◆ **WORK INSTRUCTION**: Your copy should hold every record exactly and no images.

◆ **INFORMATION SHOWN**:

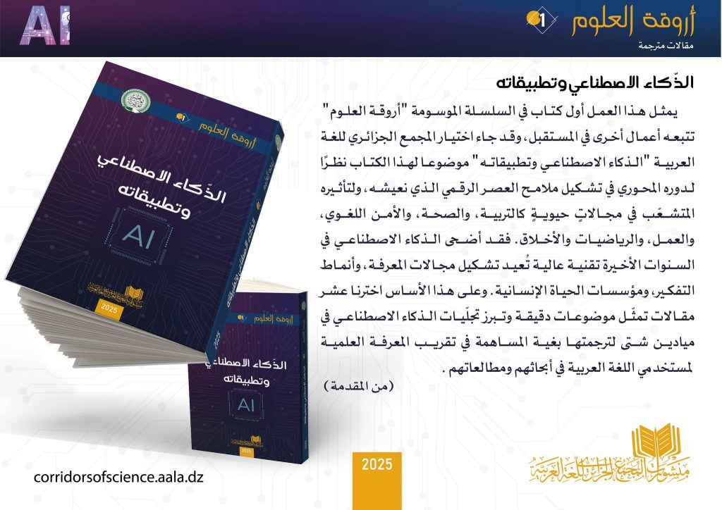 أصدر المجمع الجزائري للغة العربية كتابا عن الذكاء الاصطناعي وتطبيقاته، وهوبمثابة مقالات حديثة ترجمها أعضاء لجنة الترجمة للمجمع عن اللغتين الانجليزية والفرنسية، الأساتذة عمر لحسن وصالح خنور وشاركهم في ذلك الخبير رامي بووذن والأستاذة سهيلة مريبعي برئاسة الأستاذة سعيدة كحيل.
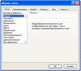 ü Формат "Общий". Отображает как текстовые, так и числовые значения в том виде, в каком они были введены в ячейку. Этот формат имеет ряд хитростей:
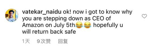 值得注意的是,這一天距離貝索斯的退休之日——從亞馬遜正式退下CEO的職位僅僅過去15天。
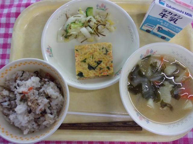 今日の給食は、牛乳、ひじきご飯、千草焼き、白菜の塩昆布漬け、じゃがいもの味噌汁、です。
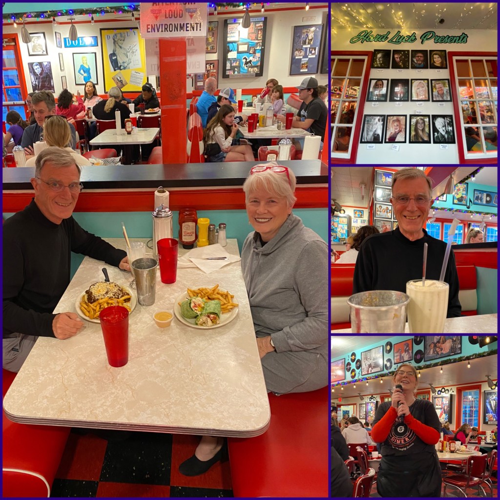 Mel’s Hard Luck Diner where the waiters and waitresses sing for your dinner! Kaitlyn, our waitress in the bottom right picture is singing at our table. It is a very loud restaurant…don’t go if you’d like an evening of quiet conversation. Food is fresh and delicious! And Harry remembered when you order a milk shake you get the metal mixing cup full, as well as your fancy milkshake glass.
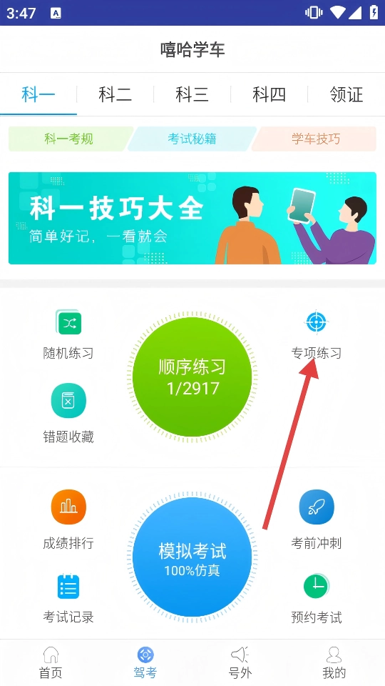 2. 于驾考学习页面,点击【专项练习】按钮,随即能够进入专项练习分类页面。
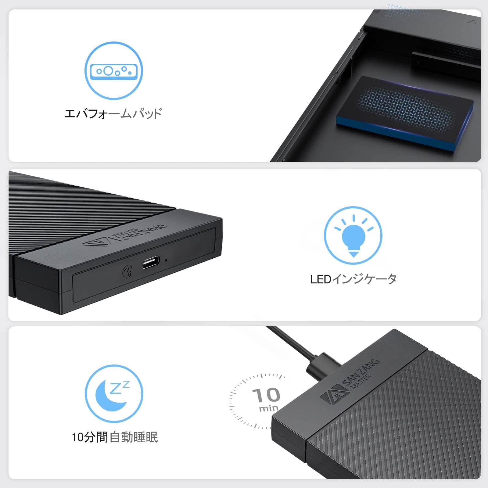 SAN ZANG MASTER 2.5インチ HDD ケース USB 3.1 6Gbps接続 SATA UASP対応 ssd ケース 2.5インチ 工具不要 HDD外付けケース 簡単着脱 ハードディスクケース9.5mm/7mm HDD/SSD対応 2.5インチ ssd ケース Mac OS/Windows/Linux等に対応 【USB C-USB A ケーブル付き】ブラック
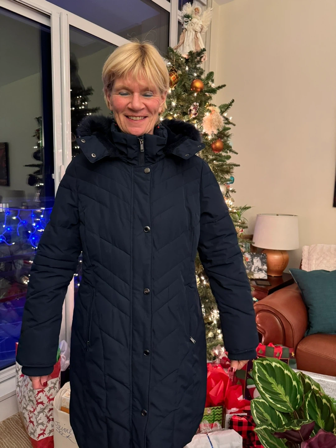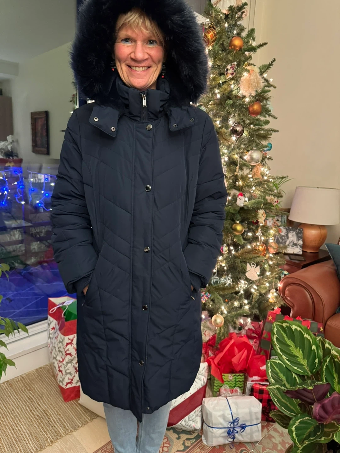 Stay warm this winter in this stylish navy blue quilted parka. It features a full zip front and a cozy faux fur hood. Two zippered pockets to keep keys safe and hands warm. The quilted design adds a touch of elegance. Perfect for cold eastern Canadian days! Worn only twice and no longer fits me. Original price was $325.
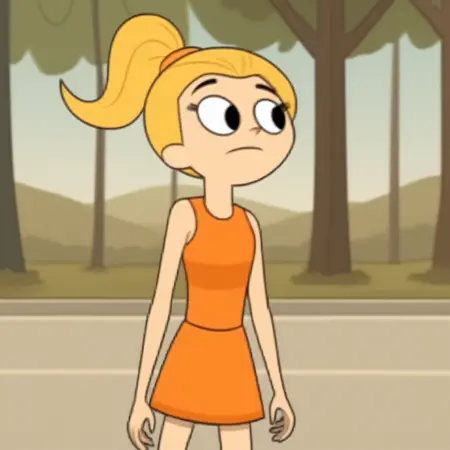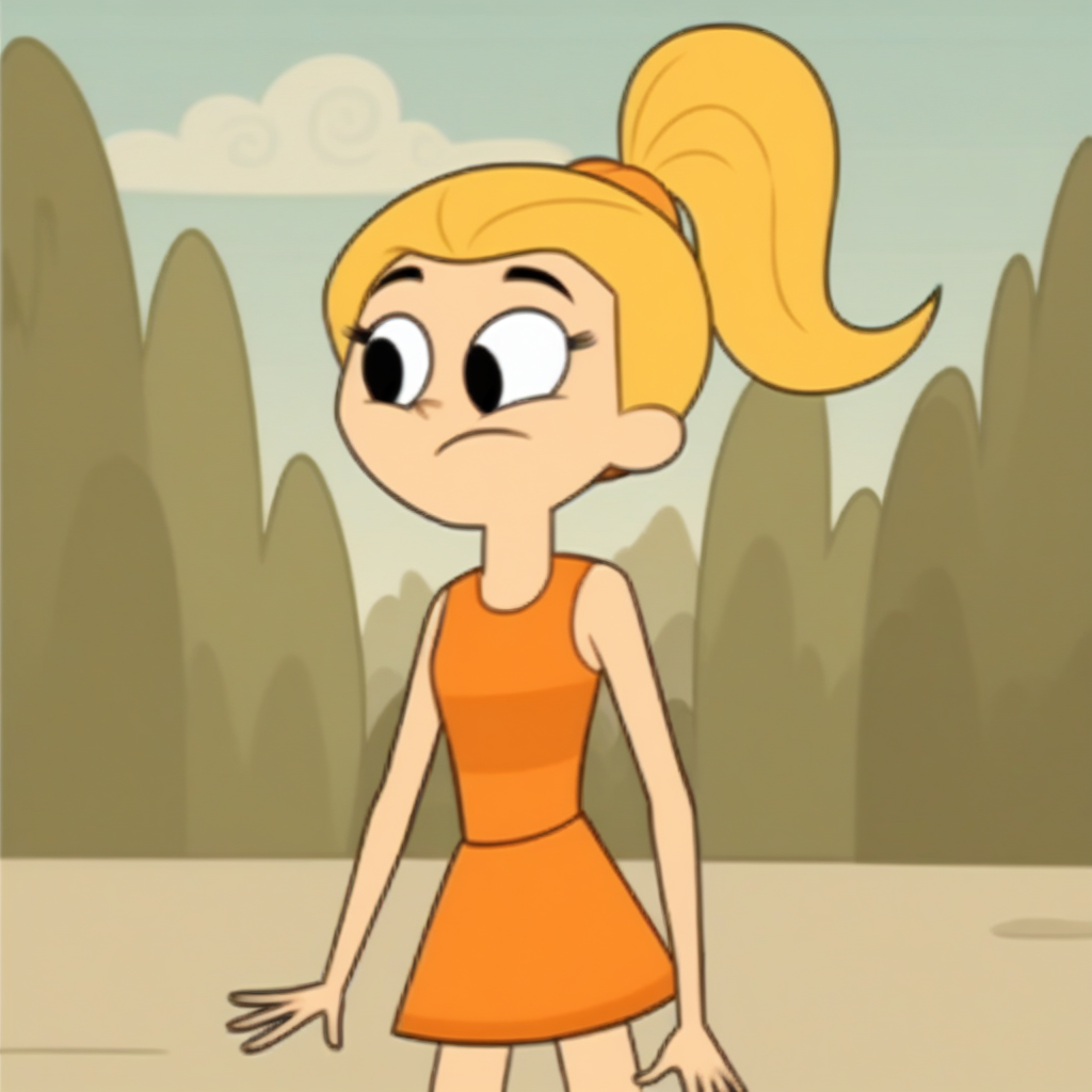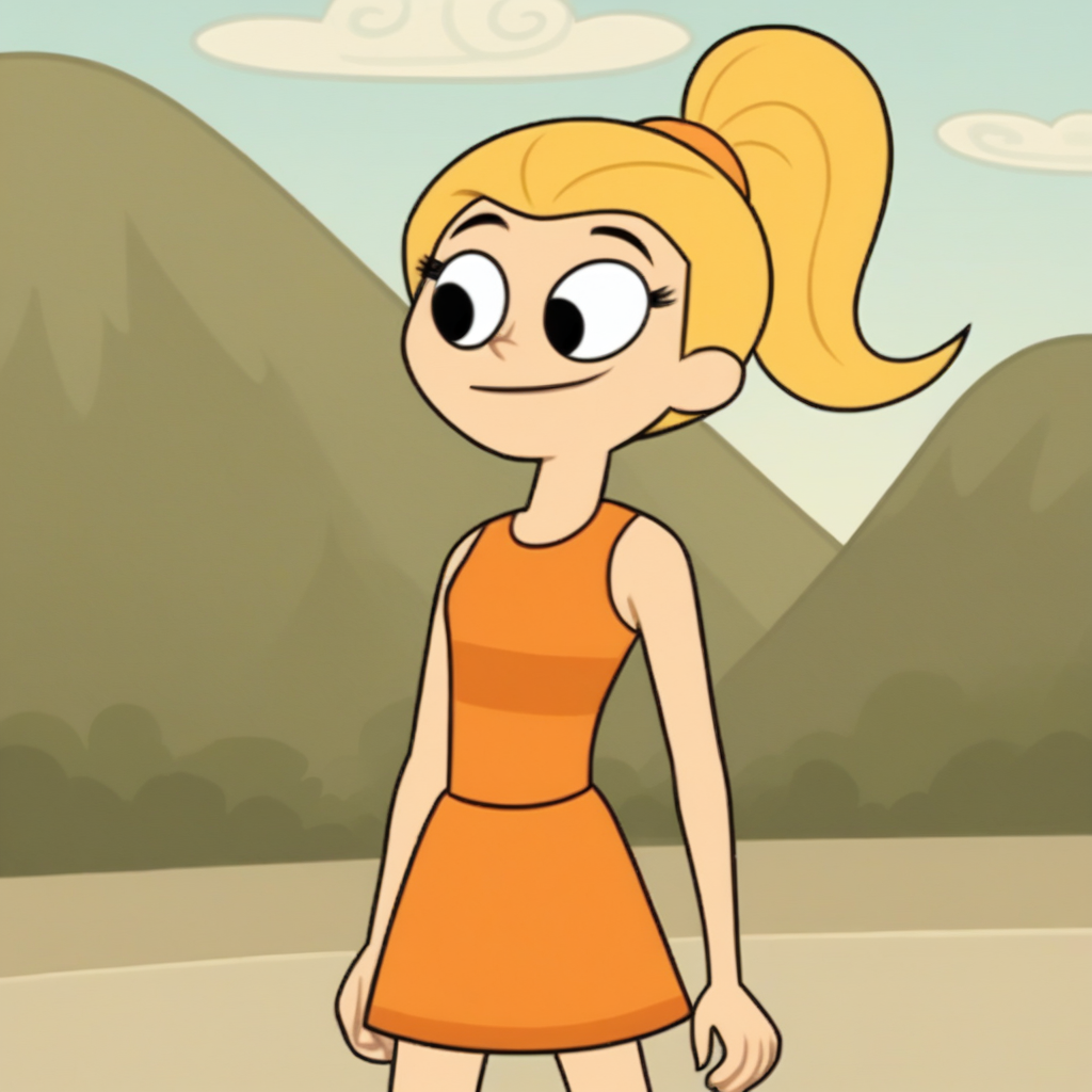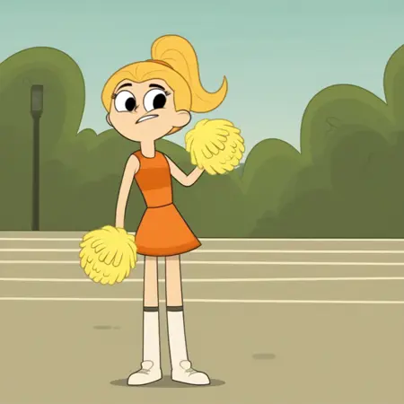 PaigeGoodcheer, 1girl, solo, blonde hair, ponytail, black eyes,

◆ **RESPONSE TO THIS EXERCISE**:
 أصدر المجمع الجزائري للغة العربية كتابا عن الذكاء الاصطناعي وتطبيقاته، وهوبمثابة مقالات حديثة ترجمها أعضاء لجنة الترجمة للمجمع عن اللغتين الانجليزية والفرنسية، الأساتذة عمر لحسن وصالح خنور وشاركهم في ذلك الخبير رامي بووذن والأستاذة سهيلة مريبعي برئاسة الأستاذة سعيدة كحيل.
 ü Формат "Общий". Отображает как текстовые, так и числовые значения в том виде, в каком они были введены в ячейку. Этот формат имеет ряд хитростей:
 值得注意的是,這一天距離貝索斯的退休之日——從亞馬遜正式退下CEO的職位僅僅過去15天。
 今日の給食は、牛乳、ひじきご飯、千草焼き、白菜の塩昆布漬け、じゃがいもの味噌汁、です。
 Mel’s Hard Luck Diner where the waiters and waitresses sing for your dinner! Kaitlyn, our waitress in the bottom right picture is singing at our table. It is a very loud restaurant…don’t go if you’d like an evening of quiet conversation. Food is fresh and delicious! And Harry remembered when you order a milk shake you get the metal mixing cup full, as well as your fancy milkshake glass.
 2. 于驾考学习页面,点击【专项练习】按钮,随即能够进入专项练习分类页面。
 SAN ZANG MASTER 2.5インチ HDD ケース USB 3.1 6Gbps接続 SATA UASP対応 ssd ケース 2.5インチ 工具不要 HDD外付けケース 簡単着脱 ハードディスクケース9.5mm/7mm HDD/SSD対応 2.5インチ ssd ケース Mac OS/Windows/Linux等に対応 【USB C-USB A ケーブル付き】ブラック
 Stay warm this winter in this stylish navy blue quilted parka. It features a full zip front and a cozy faux fur hood. Two zippered pockets to keep keys safe and hands warm. The quilted design adds a touch of elegance. Perfect for cold eastern Canadian days! Worn only twice and no longer fits me. Original price was $325.
 PaigeGoodcheer, 1girl, solo, blonde hair, ponytail, black eyes,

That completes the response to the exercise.